What strategy would you employ to optimise a Python application's interaction with S3 is one of the major computationally intensive operations or which can handle the computation and not block or cause any blockages which is essential for user experience so that all these S3 buckets by default they have parallel access so use multiprocessing or multithreading also would work so that in the Python application itself so that the Python application is leveraging multithreading and accessing for each user or even not even for each user for each prediction it uses a different thread so that and that thread can independently and in parallel access the S3 buckets so that because by default Python applications are sequential and by helping to parallelise that would significantly improve or optimise how S3 natively supports parallel accesses reads and writes so yeah.

I have worked with SQL majorly. So I don't know about graph. But this query with a question mark property question mark value and it's not a valid SQL query at least. This backslash quote doesn't make sense. It's not correct Python syntax. So we don't need that backslash, just three quotes would do. And the query itself, I don't know if we should be using commas and the where condition it doesn't have and what should be the condition exactly. So this query doesn't look right to me.

Neo4j is basically a graph-based database framework, so based on any use case which involves maintaining relationships, these kind of node or graph kind of representation like a social media network where you have friends who are friends of friends and so on. This is how a graph, a node is connected to another node, so your friend is connected to another friend. This setup is ideal for these kind of scenarios, and the machine learning in this case inherently knows about these relationships. It would try to leverage similar nodes not only by the individual node attributes but using the relationships as well, which would help the machine learning model learn about these things. This is instead of the usual table structure, which would require additional training to integrate the relationship aspect. Explaining how one row is related to another row wouldn't be something straightforward to teach an ML model using a tabular or a columnar structure.

That can enhance ML prediction capabilities for a system designed in this strategy. Neo4j, like I said before, is a graph-based database. So building a knowledge graph or implementing a knowledge graph would be very straightforward, and leveraging this for machine learning predictions, I mean, assuming it is a use case which is very suitable for a graph, Neo4j natively supports nodes, relationships, and this would be easily captured by the machine learning model which would help train or implement a knowledge graph, and the machine learning model can immediately learn about how the knowledge graph is structured.

So Skykit, the project I worked on initially involved using XGBoost on Skykit Lore, but based on the use case, a survival model was a much better fit.
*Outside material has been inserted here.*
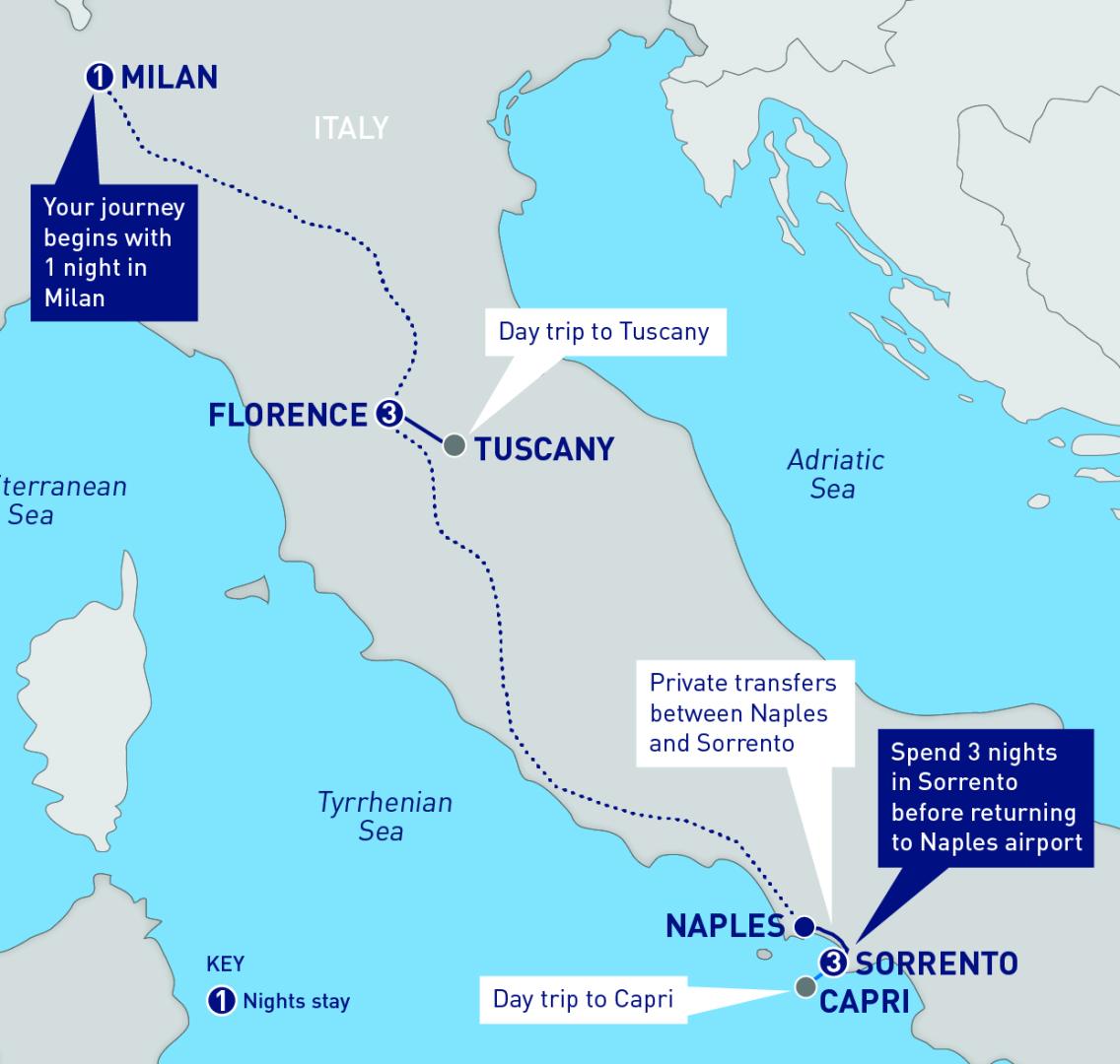 This 8-day train journey through Italy is a remarkable blend of art, culture, cuisine, and natural beauty. Starting in the cosmopolitan city of Milan, you'll experience Italy's vibrant fashion and architecture. Then, Florence, the cradle of the Renaissance, will captivate you with its world-class art and history. A guided tour will take you through the splendid landscapes of Tuscany, including Pisa, Siena, San Gimignano, and the Chianti wine region. You’ll learn to master iconic Italian recipes at a cooking class in the heart of the city. The journey continues to the coastal gem of Sorrento, where you'll explore the Sorrento Coast, the captivating island of Capri, and the breathtaking Amalfi Coast villages of Positano, Ravello, and Amalfi. This itinerary showcases the best of Italy, paired with the convenience of high-speed train travel.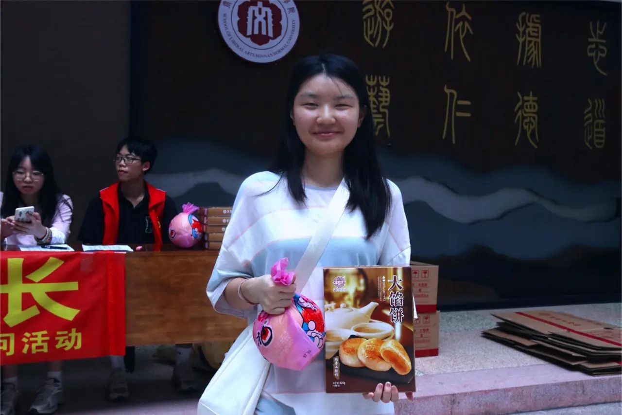 活动中,一盒盒包含着浓浓情意的月饼,于香甜之感中蕴含相思之情,一个个蕴藏着吉祥如意的柚子,寄托老师对同学们的美好祝愿。当这些礼物发放到学生手中时,这些满载着“团团圆圆,平安幸福,万事顺遂”寓意的慰问品,也将祝福传递到他们的心中。同学们的脸上洋溢着喜悦的笑容,也纷纷向老师送去节日的祝福和感谢。

There is another library by Skykit called Skykit Survival, which we implemented to tailor fit our use case, which just made sense instead of using traditional machine learning algorithms, which are majorly good for classification kind of problems or, of course, regression.

FastAPI, since I've worked with FastAPI, it natively supports asynchronous programming, although there is a little tricky part where if you specify an async function, it actually becomes a sequential function, which I think was a major topic of confusion, not debate, which was clarified in a PyCon – I believe in Ireland – where the speaker clarified how to exactly use this for asynchronous purposes. So basically, you just define the function as is, without manually specifying async, and because FastAPI natively supports async, it will automatically run the functions in an asynchronous manner. It's essential to keep any API asynchronous to prevent one user's query from blocking another user's query and to optimize server load and compute, reducing idle time for the CPU.